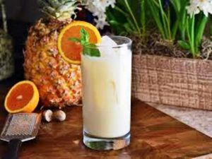 Les divers ingrédients utilisés pour réussir le cocktail sont : jus d’ananas, rhum blanc, crème de noix de coco…
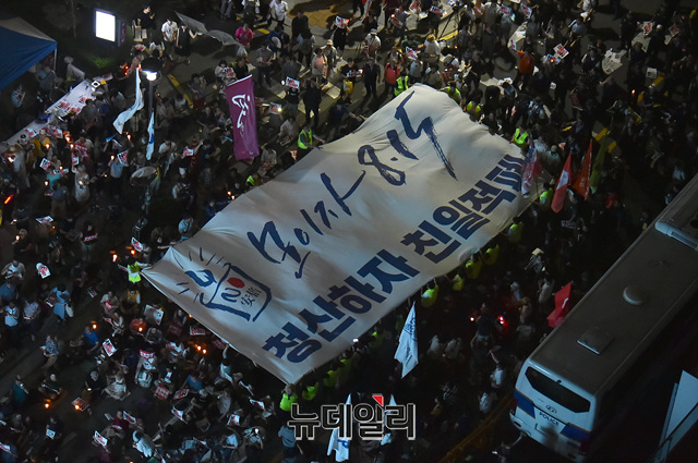'아베규탄 4차 촛불 문화제'가 10일 오후 서울 종로구 옛 일본대사관 앞에서 열린 가운데 참석자들이 광복절 집회를 알리는 현수막 펼치는 퍼포먼스를 하고 있다.
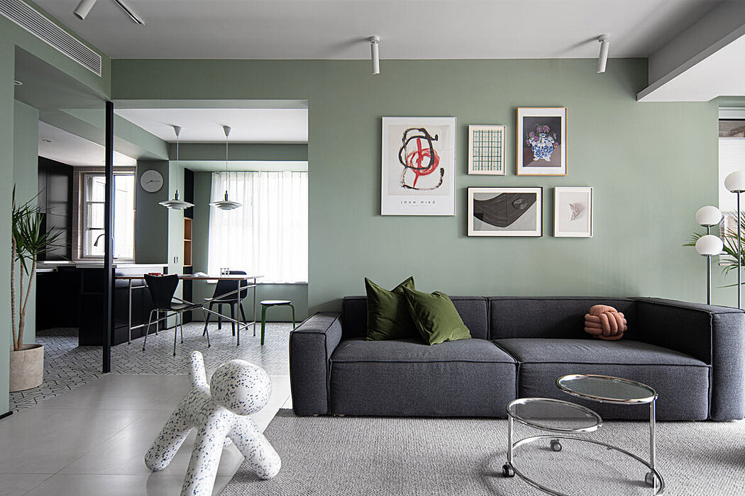 Grey Green Residence is a minimalist apartment located in Shandong, China, designed by Lu Yuzhuo.
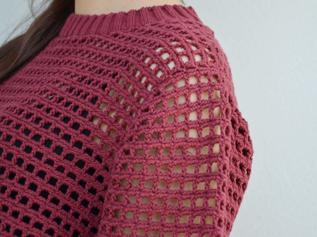 フロントは首元のリブで切り返しが入ったのみというシンプルさで、手編み感を前面に感じます。
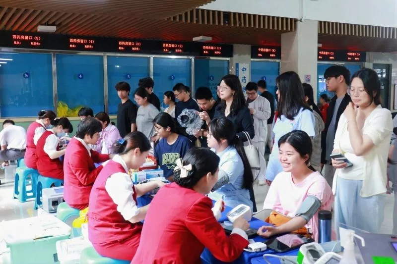 “这是我第一次献血,作为医学生,从课堂上的临床用血知识,到亲身参与献血,我真切感受到每一滴热血对生命的意义,也更明白青年医者的担当。”护理学院2024级护理专业学子黄妙锦,身着护士服匆匆从教室赶来参与活动,她的话语道出了许多参与学子的心声。
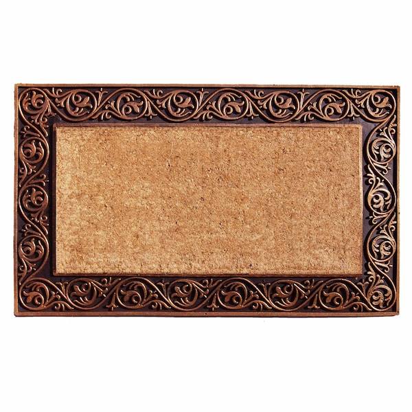 The beautiful combination of natural coir and bronze rubber in this doormat make an elegant reception for your guests. Designed to complement today's door hardware, this mat is colorfast, weather tolerant and made to withstand heavy traffic. Sweep or hose clean.
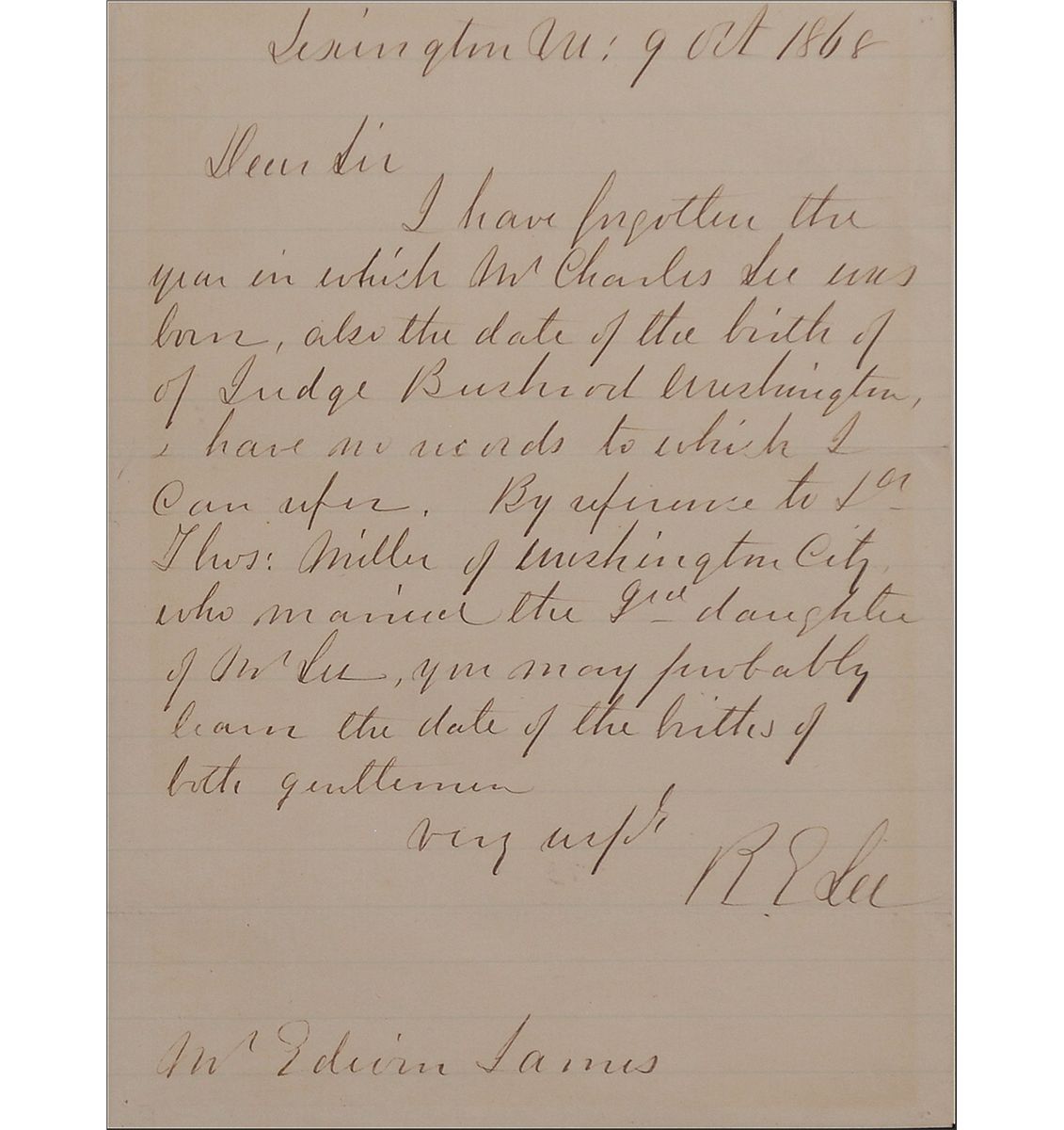 Within months of his surrender to Grant and the close of the Civil War, Robert E. Lee became the President of Washington College in Virginia, where he would remain until his death five years later. During this time, he prepared a historical account of his life, working hard to leave behind clear and accurate genealogical records: Lee’s letter of October 9, 1868 was seemingly written to obtain data for this project. He asks the recipient for the birth date of “Charles Lee,” most certainly referring to his uncle, brother of R. E.’s father “Light Horse Harry” Lee. Charles Lee (1758-1815) was appointed U. S. Attorney General by President Washington in 1795, a post at which he remained until the end of John Adams’s term in 1801. Lee’s second inquiry is to obtain the date of birth of Bushrod Washington, George Washington’s favorite nephew, an Associate Justice of the U. S. Supreme Court for over 30 years. This request was in reference to his wife, Martha Washington’s great-granddaughter, Mary Anna Custis’ lineage. Working to create a clear account of his life and family tree, this letter gives us a glimpse into the topic that occupied the great general’s mind during his final years.
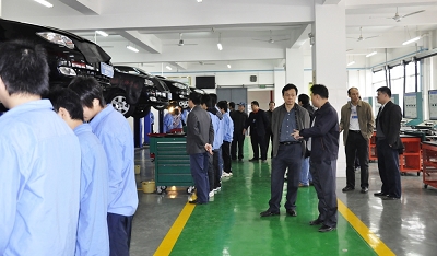 圖七:柳州市交通學校的專業教師在參觀我校汽車二(èr)級(jí)維護實驗室
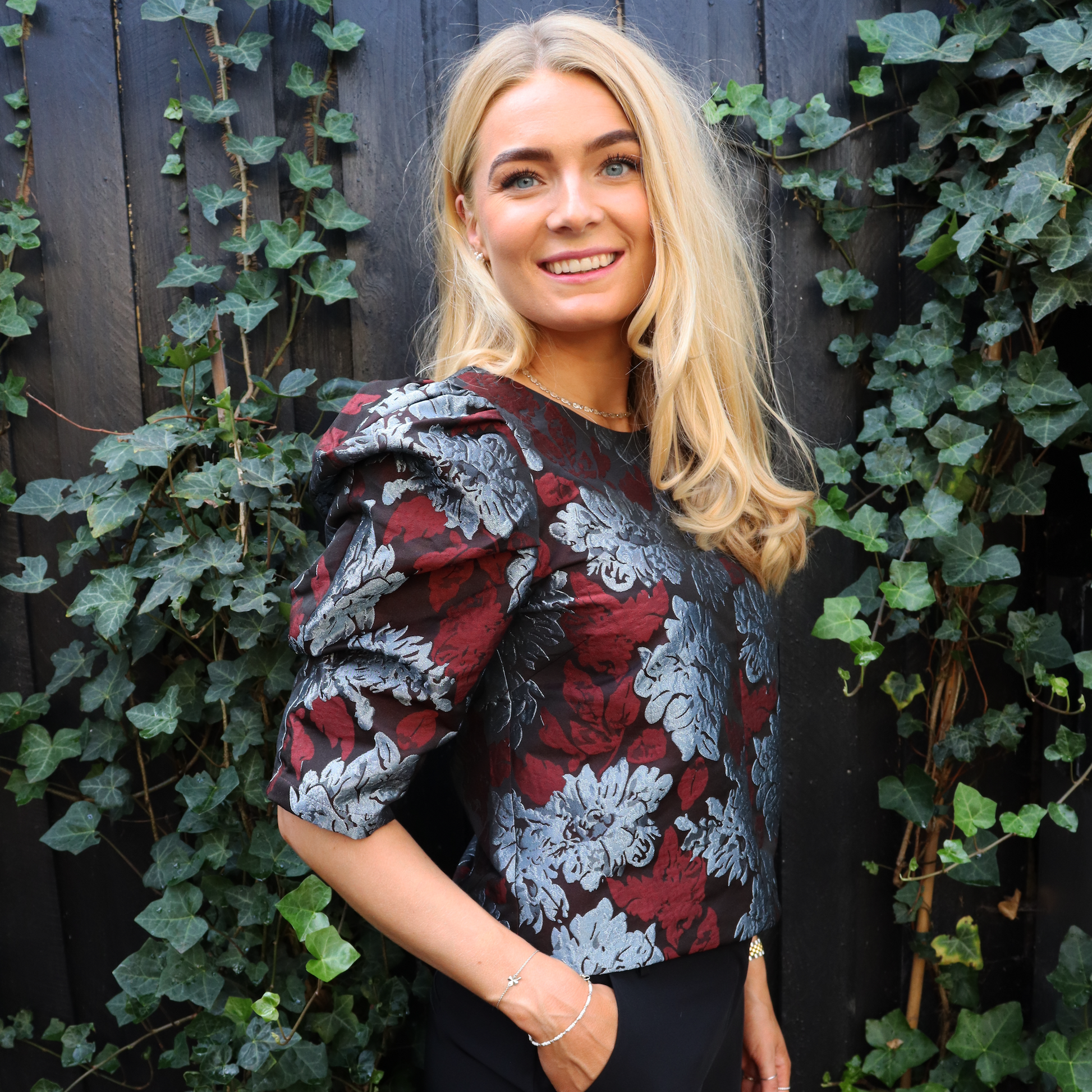 Denne i en flot bordeaux nuance med skønt brokade lignende mønster i bordeaux og sølv.
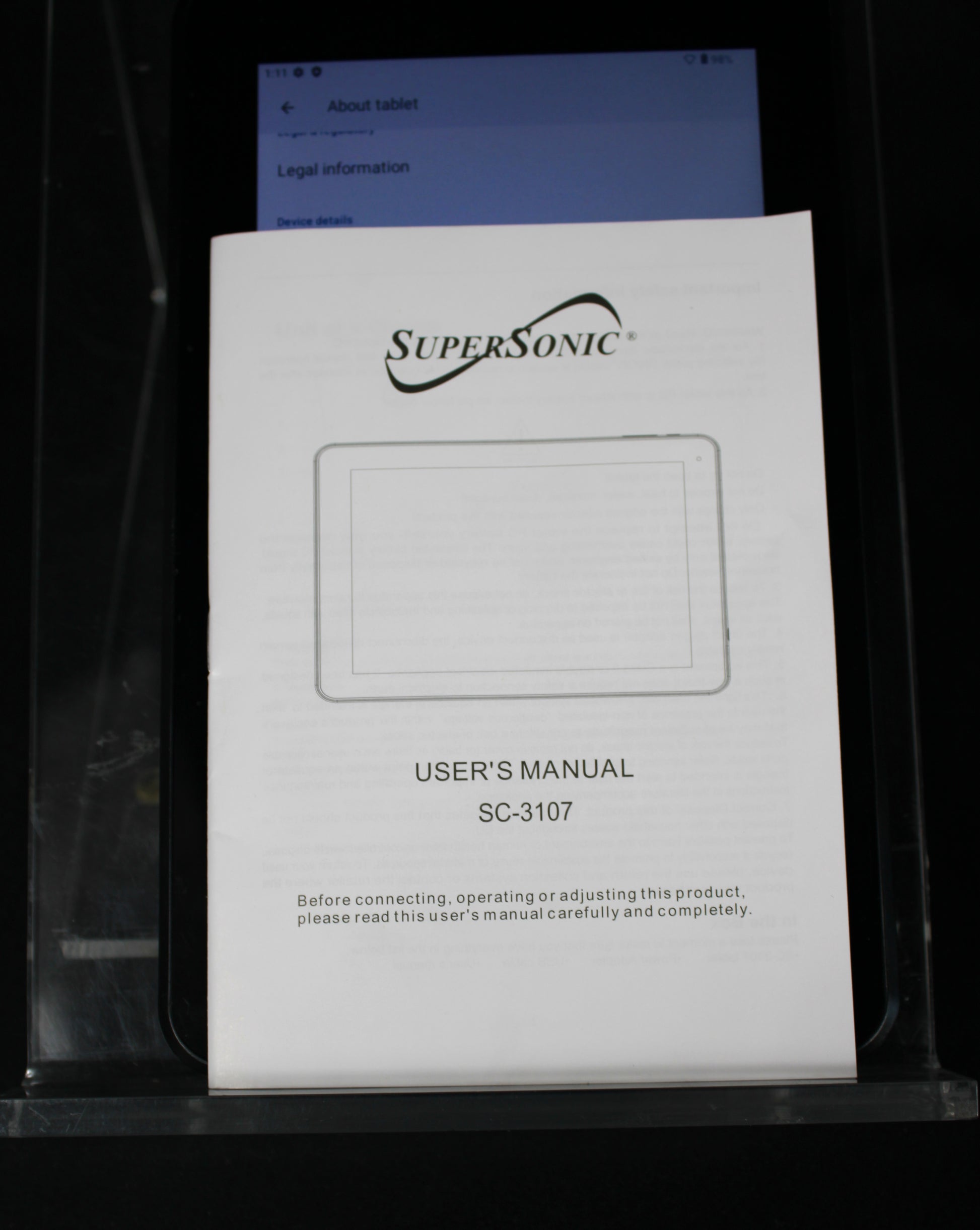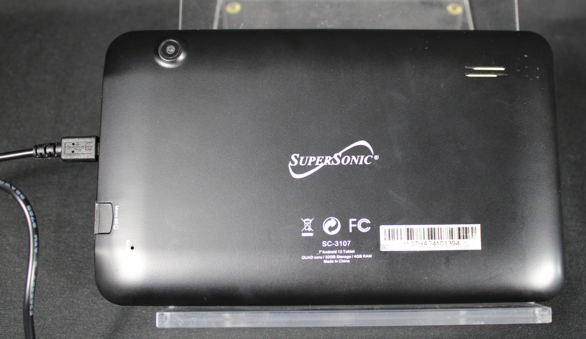 This SuperSonic Sonic 7 tablet offers a portable and efficient user experience, powered by the Android 13 operating system and a quad-core processor. It features a crisp 7-inch capacitive touchscreen with 1024 x 600 resolution, making it ideal for streaming videos, browsing the web, or reading e-books. The device is equipped with 32GB of internal storage, 4GB of RAM for smooth multitasking, and a microSD slot for expandable memory up to 32GB. Included in the original box are the tablet, a USB charging cable, an AC adapter, and the user manual, ensuring you have everything needed to get started right away. Item is confirmed to power on and charge. Full battery health and discharge cycles are unverified.
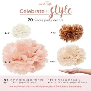 Show moreTransform any event into a visually stunning occasion with the Vidal Crafts 20-Piece Tissue Paper Pom Poms. These exquisite decorations come in a beautiful blend of blush pink and rose gold, designed to add a touch of elegance and whimsy to your celebrations. Each pack includes 20 pieces in four different sizes ranging from 6 to 14 inches, making them perfect for various settings – from intimate baby showers and vibrant birthday parties to chic bridal showers and elegant weddings. With their easy-to-assemble design, you can effortlessly create stunning displays that will captivate your guests and enhance your themed decor.
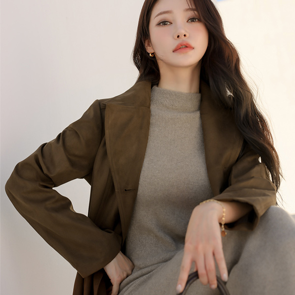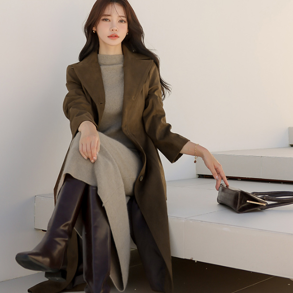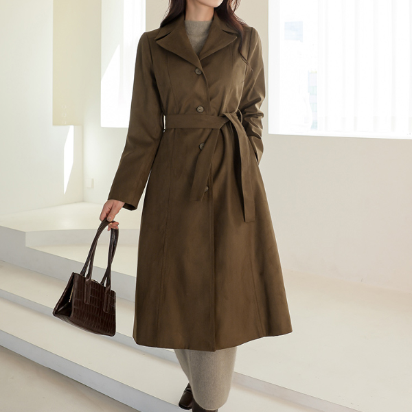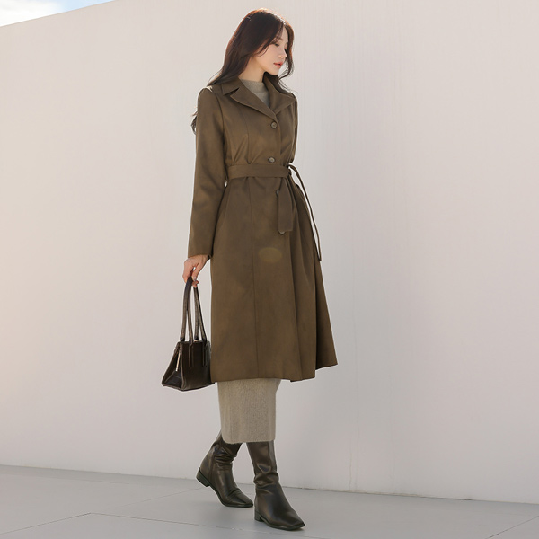 モダン スエード シングル Aライン コート
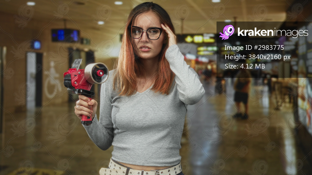 Woman holding red tape dispenser and rubbing temple while wearing glasses in a crowded airport terminal with blurred travelers and signage; frustration delay. - Kraken Images
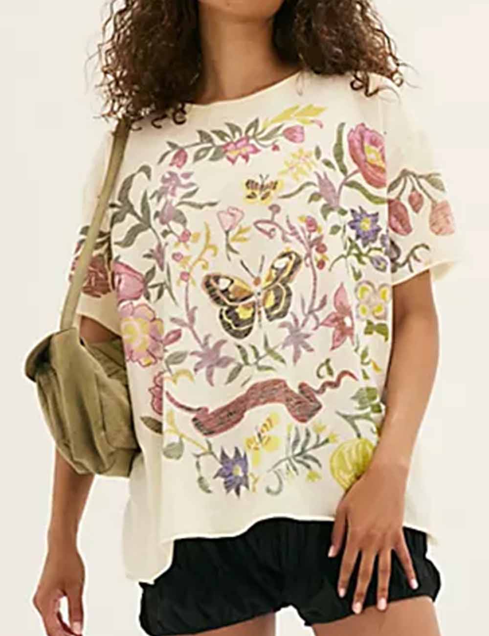 Ladies Multicolor Embroidery Crew Neck Short Sleeves T-Shirt

**WHAT THE EXERCISE ASKS:** The required result is the entries above, printed exactly from the first line through the line with "Denne i en flot", pictures excluded.

**RESPONSE AREA:**
 Les divers ingrédients utilisés pour réussir le cocktail sont : jus d’ananas, rhum blanc, crème de noix de coco…
'아베규탄 4차 촛불 문화제'가 10일 오후 서울 종로구 옛 일본대사관 앞에서 열린 가운데 참석자들이 광복절 집회를 알리는 현수막 펼치는 퍼포먼스를 하고 있다.
 Grey Green Residence is a minimalist apartment located in Shandong, China, designed by Lu Yuzhuo.
 フロントは首元のリブで切り返しが入ったのみというシンプルさで、手編み感を前面に感じます。
 “这是我第一次献血,作为医学生,从课堂上的临床用血知识,到亲身参与献血,我真切感受到每一滴热血对生命的意义,也更明白青年医者的担当。”护理学院2024级护理专业学子黄妙锦,身着护士服匆匆从教室赶来参与活动,她的话语道出了许多参与学子的心声。
 The beautiful combination of natural coir and bronze rubber in this doormat make an elegant reception for your guests. Designed to complement today's door hardware, this mat is colorfast, weather tolerant and made to withstand heavy traffic. Sweep or hose clean.
 Within months of his surrender to Grant and the close of the Civil War, Robert E. Lee became the President of Washington College in Virginia, where he would remain until his death five years later. During this time, he prepared a historical account of his life, working hard to leave behind clear and accurate genealogical records: Lee’s letter of October 9, 1868 was seemingly written to obtain data for this project. He asks the recipient for the birth date of “Charles Lee,” most certainly referring to his uncle, brother of R. E.’s father “Light Horse Harry” Lee. Charles Lee (1758-1815) was appointed U. S. Attorney General by President Washington in 1795, a post at which he remained until the end of John Adams’s term in 1801. Lee’s second inquiry is to obtain the date of birth of Bushrod Washington, George Washington’s favorite nephew, an Associate Justice of the U. S. Supreme Court for over 30 years. This request was in reference to his wife, Martha Washington’s great-granddaughter, Mary Anna Custis’ lineage. Working to create a clear account of his life and family tree, this letter gives us a glimpse into the topic that occupied the great general’s mind during his final years.
 圖七:柳州市交通學校的專業教師在參觀我校汽車二(èr)級(jí)維護實驗室
 Denne i en flot bordeaux nuance med skønt brokade lignende mønster i bordeaux og sølv.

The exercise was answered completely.